Sin tanto condimento

Ana María no ha encontrado la manera de decirle a su compañera de tesis que redacte mejor. A pesar de que pasa mucho tiempo corrigiéndole los textos, no le ha mencionado nada por temor a “ofenderla”. Cuando me preguntó cómo hacía para comunicárselo, le dije: “Hazlo de forma clara, directa y sin agresividad”.

Pero la verdad es que ser directo en Colombia no es una opción, a menos de que seas un “insolente” o disfrutes de herir “profundamente” la sensibilidad del otro. Tampoco estamos acostumbrados a recibir críticas de nuestros amigos o colegas. Ellos están ahí para ensalzarnos. Aquí amamos la palabra adornada, la adulación, el eufemismo, los rodeos y lo políticamente correcto. Ni qué decir cuando hablamos de temas que son tabúes o cuando la vanidad intelectual nos empuja a los vericuetos del lenguaje para explicar de forma compleja lo que es simple (aquí los abogados son campeones). Lo importante no es ser, sino parecer. ¿Para qué? Para que no nos desaprueben.  Y Por eso es que, también, nos cuesta tanto decir NO, lo que corresponde a la primera creencia irracional del terapeuta Albert Ellis: “Es una necesidad extrema para el ser humano adulto el ser amado y aprobado por prácticamente cada persona significativa de la sociedad”.

A mi amigo Daniel le encanta conocer culturas y escribir en su blog sobre “manías” urbanas. Hace poco estuvo en Buenos Aires y destaca la forma directa de hablar de los bonaerenses. Lo mismo notó en los españoles y le fascina. Confiesa que ha tenido muchos problemas en la vida por ser sincero, frentero y directo en sus comentarios. Por eso, a veces prefiere que no le pregunten por su opinión, se la reserva. Y es que todos halagamos la sinceridad hasta que conocemos a alguien que la practica. El problema, en el caso de Daniel, es que al no expresar sus opiniones o al expresarlas de manera condimentada siente que no está siendo él sino una versión falsa de sí mismo que solo busca satisfacer a los demás. Como Lincoln,  él quisiera (cuando llegue el momento) pararse en el umbral de la muerte y poder tener, al menos, su propia amistad.

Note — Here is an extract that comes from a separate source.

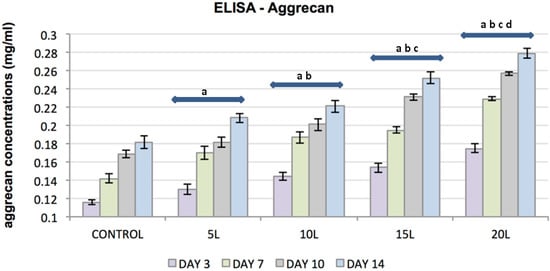 Plot represents FC aggrecan concentration (y-axis) as a function of control substrates and increasing nanolayers of TiO₂ nanosubstrates (x-axis) at 3, 7, 10 and 14 culture days. All data are shown as mean ± standard deviation, with a sample size of 6 for all substrates. Substrates represented by letters different (a, b, c, d) are considered statistically significant (p < 0.05), using two-way analysis of variance. “a” indicates nanosubstrates that show statistically significant cell numbers w.r.t control substrates. “b”, “c” and “d” indicates nanosubstrates that show statistically significant cell numbers w.r.t 5 L, 10 L and 15 L nanosubstrates respectively.

Según Albert Ellis, creador de la Terapia Racional Emotiva (TRE), buscar caerle bien a todo el mundo es una especie de servilismo que genera personas  inseguras e insatisfechas y  que, además, produce el efecto contrario, pues reduce el interés que puede despertar en los demás. La adulación, por ejemplo,  es propia de personas falsas y débiles de carácter que al ser percibida por los otros produce desaprobación. En cambio, las personas que demuestran seguridad, carácter  y que están más preocupadas por satisfacerse a sí mismas que a los otros, terminan por lograr mayor aprobación.  Al final, hay que entender que si lo que se busca es amor, lo mejor es darlo.

Seamos más inteligentes

Una persona que haya asistido a una universidad debe comprender mejor el mundo y haber erradicado de su pensamiento los prejuicios sociales. Pero, por desgracia, conoce uno profesionales que todavía creen que todo el que lleva piercing los va a robar; que todos los gays son promiscuos y tienen Sida; que todo el que lleva cresta y tiene tatuajes es un pandillero; que el pobre es bruto, perezoso y tiene mal gusto; que el ateo es un ser humano “oscuro” que cree que todo está permitido; que quien profesa una religión distinta a la nuestra vive en el engaño; que todo el que fuma marihuana es un “antisocial” y debe ir a la cárcel; que la mujer que toma la iniciativa es “puta”; que los negros son perezosos; que la homosexualidad es antinatural; que el hombre tiene que ser el macho y gran proveedor; que ellos no lloran; que una familia sin hijos no es familia; que el izquierdista es guerrillero y rechaza lo material; que toda la derecha es fascista; que los rolos son hipócritas y los paisas charlatanes.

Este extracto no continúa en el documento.